▶ _PROBLEM DETAILS_
After removing every image, reproduce the data exactly as it appears.

▶ _DATA BLOCK_
[Start of section]

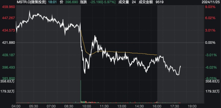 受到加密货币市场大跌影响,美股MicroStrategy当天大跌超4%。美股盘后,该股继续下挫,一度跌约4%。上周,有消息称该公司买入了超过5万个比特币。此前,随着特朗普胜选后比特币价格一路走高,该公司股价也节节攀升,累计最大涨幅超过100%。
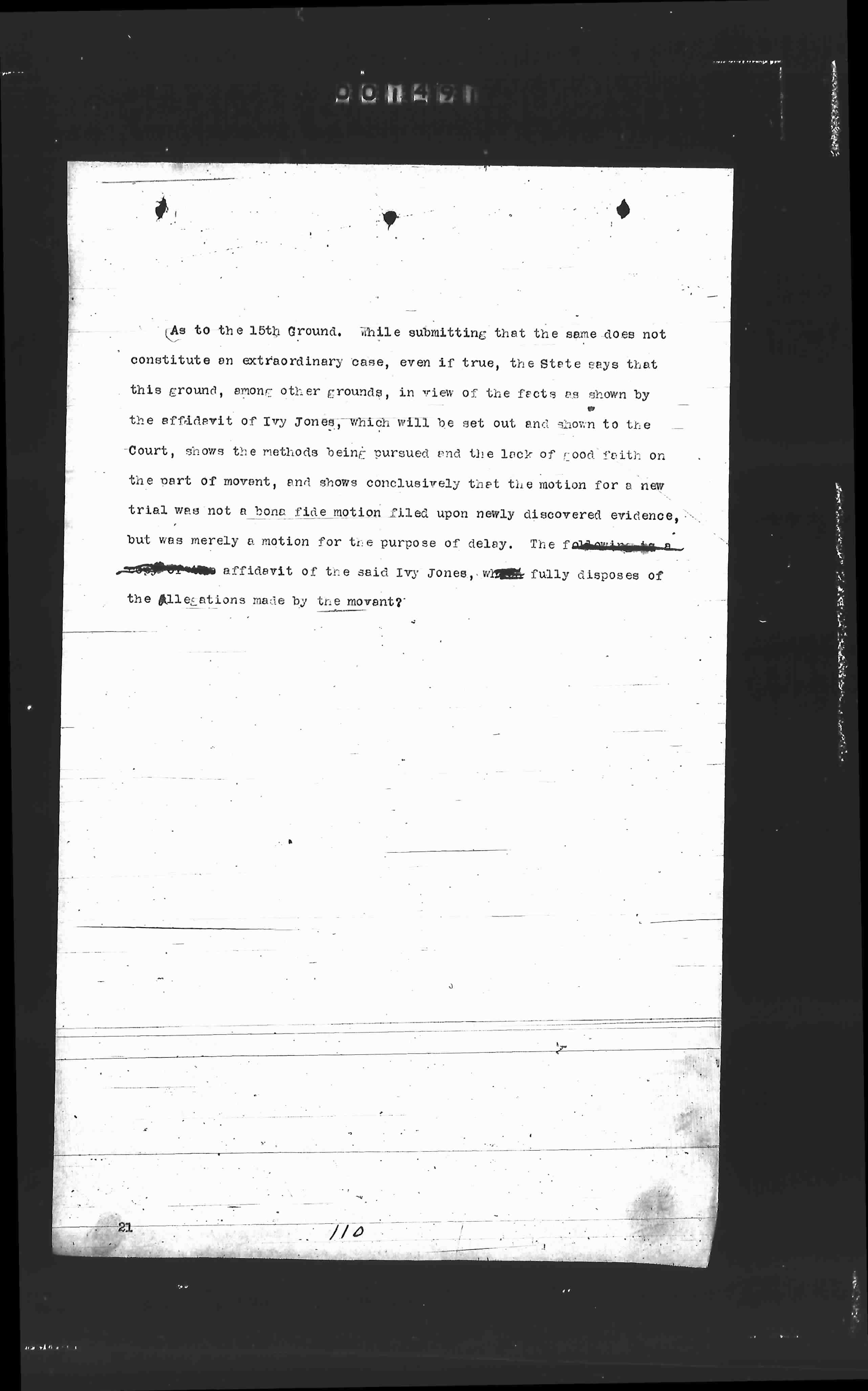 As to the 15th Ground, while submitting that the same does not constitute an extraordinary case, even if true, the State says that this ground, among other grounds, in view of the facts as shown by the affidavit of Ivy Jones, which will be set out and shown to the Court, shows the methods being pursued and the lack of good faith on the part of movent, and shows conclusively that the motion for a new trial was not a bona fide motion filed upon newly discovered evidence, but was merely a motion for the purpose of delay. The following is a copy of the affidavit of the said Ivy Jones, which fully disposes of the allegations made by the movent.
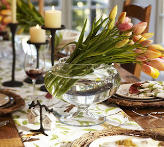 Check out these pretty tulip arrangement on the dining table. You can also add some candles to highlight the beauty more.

[End of section]

▶ _COMPLETED TASK_
 受到加密货币市场大跌影响,美股MicroStrategy当天大跌超4%。美股盘后,该股继续下挫,一度跌约4%。上周,有消息称该公司买入了超过5万个比特币。此前,随着特朗普胜选后比特币价格一路走高,该公司股价也节节攀升,累计最大涨幅超过100%。
 As to the 15th Ground, while submitting that the same does not constitute an extraordinary case, even if true, the State says that this ground, among other grounds, in view of the facts as shown by the affidavit of Ivy Jones, which will be set out and shown to the Court, shows the methods being pursued and the lack of good faith on the part of movent, and shows conclusively that the motion for a new trial was not a bona fide motion filed upon newly discovered evidence, but was merely a motion for the purpose of delay. The following is a copy of the affidavit of the said Ivy Jones, which fully disposes of the allegations made by the movent.
 Check out these pretty tulip arrangement on the dining table. You can also add some candles to highlight the beauty more.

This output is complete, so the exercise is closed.